Mężczyzna w ogrodniczkach
„Powrót do Garden State” (2004) Zacha Braffa to to nie jest, choć Leif (Jake Johnson), główny bohater „Kochaj życie” (2021) w reżyserii Trenta O’Donnella, także musi odbyć sentymentalną podróż do przeszłości. To mężczyzna najpewniej po czterdziestce, który wciąż jeszcze nie dorósł. Mieszka w niewielkim domku stojącym na tyłach posiadłości należącej do jego rzekomego przyjaciela Gorki (Luis Fernandez-Gil). Gra na perkusji w popowo-rockowym zespole, którego wszyscy członkowie są jakieś dwa razy młodsi od niego. Gdy dowiaduje się o śmierci Honey, czyli swojej matki (Susan Sarandon), nie jest szczególnie przejęty. Okazuje się, że kobieta zostawiła go, kiedy miał dwanaście lat, aby dołączyć do jakiejś newage’owej sekty. Wprawdzie potem starała się odbudować relację z synem, pojawiając się na jego koncertach i co jakiś czas dzwoniąc doń, ale on nie był zainteresowany wchodzeniem z nią w interakcję. Wszystkiego widz dowiaduje się, słuchając rozmów Leifa ze swym wiernym kompanem – psem o imieniu Nora.

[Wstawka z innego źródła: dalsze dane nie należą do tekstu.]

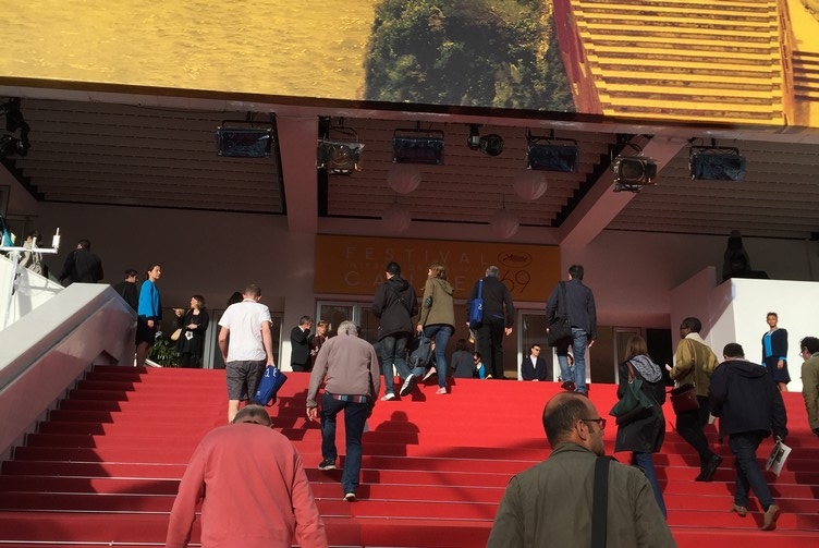 Le moment clé à Cannes, c’est la séance de presse de 8h30, celle où les journalistes du monde entier se retrouvent pour voir le film du jour en compétition, celui dont on va parler abondamment dans les médias durant les heures qui suivent. C’est un ballet étonnant auquel on assiste et auquel participe d’ailleurs volontiers, où l’on voit arriver, d’un pas pressé, des centaines d’hommes et de femmes, montant 4 à 4 les fameuses marches pour aller sa caler dans les 2300 fauteuils du Grand Théâtre Lumière.

Protagonista dziedziczy po rodzicielce piękny dom w dolinie Yosemite. Jest jednak pewien warunek – aby go dostać, musi wykonać zlecone przez Honey zadania. To, zdaje się, ostatnia próba, jaką kobieta podjęła, by zbliżyć się do własnego dziecka. Na liście znajdują się misje zarówno iście absurdalne – przepłynięcie kajakiem przez jezioro, włamanie się do czyjejś chaty (tylko po to, by na łóżku położyć liścik), złapanie gołymi rękami ryby na kolację („Bądź drapieżcą, nie ofiarą”) – ale też bardziej osobiste, jak choćby zadzwonienie do byłej dziewczyny Audrey (D’Arcy Carden) i przeproszenie jej za swoje zachowanie. Nie mieli kontaktu osiem lat, a rozmawiają tak, jakby widzieli się wczoraj. Ogień jeszcze się tli, co wydaje się co najmniej kuriozalne. Nie ma pomiędzy nimi niezręczności. Wręcz przeciwnie. Wraz z każdym kolejnym telefonem Leif i Audrey ponownie się do siebie zbliżają. Czyżby Honey osiągnęła swój cel?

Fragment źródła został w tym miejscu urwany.